The Z couples to the SM combination of the conserved charges $\tau_3$ and $Y$. The quark (but not lepton) fermion bilinears in these charges also couple to gluons, so, you might think, at the level of loops, the quarks mediate effective interactions between the Z and gluons, suppressed, of course, by loop effects. After all, the uncolored Higgs is routinely produced by gluon fusion as we speak... loop effects rule.

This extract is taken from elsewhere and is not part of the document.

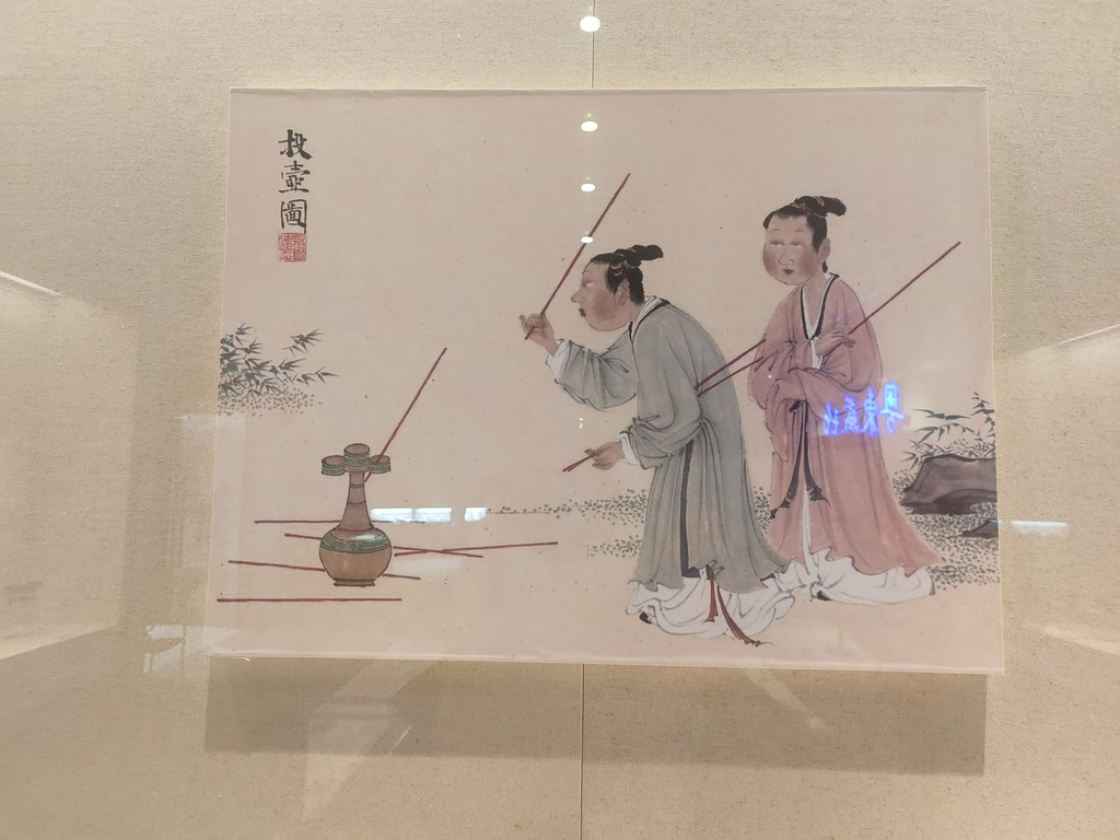投壶是古代宴会时的娱乐游戏,宾主依次投矢于壶中,以投中次数决定胜负。

Like all of these couplings, an interaction Zgg, absent at tree level, might be thinkable to have a small 1-loop presence, but it does not. If you call $\lambda^a$ the color matrices, the triangle anomaly $\operatorname {Tr} \tau_3 \{\lambda^a ,\lambda^b\}\propto \operatorname {Tr} \tau_3 =0$ vanishes,but, also the hypercharge one, what I called "just-so sudoku", $$ \tfrac{1}{4} \operatorname {Tr} Y \{\lambda^a,\lambda^b\}=\delta^{ab} \left (\sum_{Lq} Y_L -\sum_{Rq} Y_R\right ) = 3\Big( (1/6+1/6) -( 2/3-1/3 ) \Big )=0. $$ The factor of 3 before the parenthesis reflects the triplication of the 3 generations. Matt actually works out the sudoku in (30-85,86).

(Actually, having worked this out, and with the reassurance that it does, one may then reexpress the current coupling to the Z as a mere linear combination of the EM current, which is vector and thus not possibly anomalous, and the above trivially anomaly free $\tau_3$ one. But this is the classic stunt of writing the "just so" SM results as banal and deceptively self-evident.)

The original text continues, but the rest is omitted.